On Thursday, February 19th, the Department of Veterinary Sciences hosted Professor Ted Kalbfleisch from the University of Kentucky. Ted is a Professor of Equine Bioinformatics with deep expertise in genome assembly. He currently leads a multi‑institutional equine pangenome project and has worked on genomes from a wide range of mammals—and even parasites.

Ted opened his talk by emphasizing how quickly genome science has advanced. He noted that over the past few decades, the field has moved from the first human reference genome to producing complete, telomere‑to‑telomere assemblies for many species. According to Ted, T2T genomes are quickly becoming available for an increasing number of animal species.

With sequencing now so accurate and accessible, Ted explained that the major challenge has shifted. Instead of struggling to generate data, researchers must now figure out what all this information means. He described pangenomes as an important step forward because they allow scientists to capture the full range of haplotypes in a species and link them to traits.

The talk also highlighted how dramatically the practical side of genomics has changed. Sequencing and annotating the first mammalian genomes required enormous consortia and millions of dollars. Today, Ted pointed out, a high‑quality genome can be sequenced in just a few days for a few thousand dollars. As sequencing technologies continue to improve—producing longer and more accurate reads—the assembly process becomes far more straightforward.

But these advances also expose the limitations of the traditional reference‑genome approach. Ted reminded the audience that the horse reference genome was built from a Thoroughbred mare named Twilight, kept at Cornell University. Twilight’s genome was invaluable, but as Ted noted, it represents only one individual. When Twilight is used as the reference. any genetic sequence not present in her genome is effectively lost during analysis. He stressed that this problem exists no matter which individual is chosen as the reference.

This is why the equine pangenome is so important. Ted described the pangenome as a combined representation of many individual genomes stacked together, allowing researchers to capture common variation and rare genetic sequences that a single reference would miss. The current equine pangenome includes genomes from 60 horses representing 13 breeds, offering a much broader and more accurate picture of equine genetic diversity.

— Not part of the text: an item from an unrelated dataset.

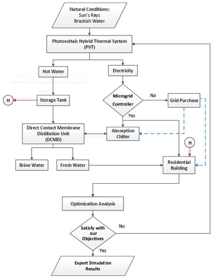 The proposed hybrid system was evaluated using typical Riyadh, Saudi Arabia weather conditions. Figure 5 depicts in detail the solution procedures utilized in this study. The first step in the simulation is to estimate the hourly electricity and hot water production from the PVT. In this case, the electricity production obtained from the PVT is dispatched to the house for immediate use or sold to the grid if the electricity production is more than house electric demand. The hot water stream is supplied from the storage tank to the DCMD unit, and the portable clean water is sent to residents. The rejected cold water comes from the DCMD is sent back to the chiller to be used for a regenerative purpose. The end goal of this simulation is to optimize the hybrid PVT size by minimizing the annual operating cost and maximizing water productivity. In this case, the proposed hybrid system was optimized using MATLAB built-in function gamultiobj to minimize the total operating cost expressed in Equation (15) and maximize the water yields from the DCMD.

Compared to the traditional reference‑based approach, the pangenome provides more information at substantially higher quality. As Ted explained, this richer dataset improves our ability to understand the genetic background of both disease and health.

Ted’s talk made clear that genomics has entered a new era. With sequencing no longer the bottleneck, the focus now shifts to interpreting the biology encoded in these complete and diverse genomes. The pangenome approach marks a major step toward that goal.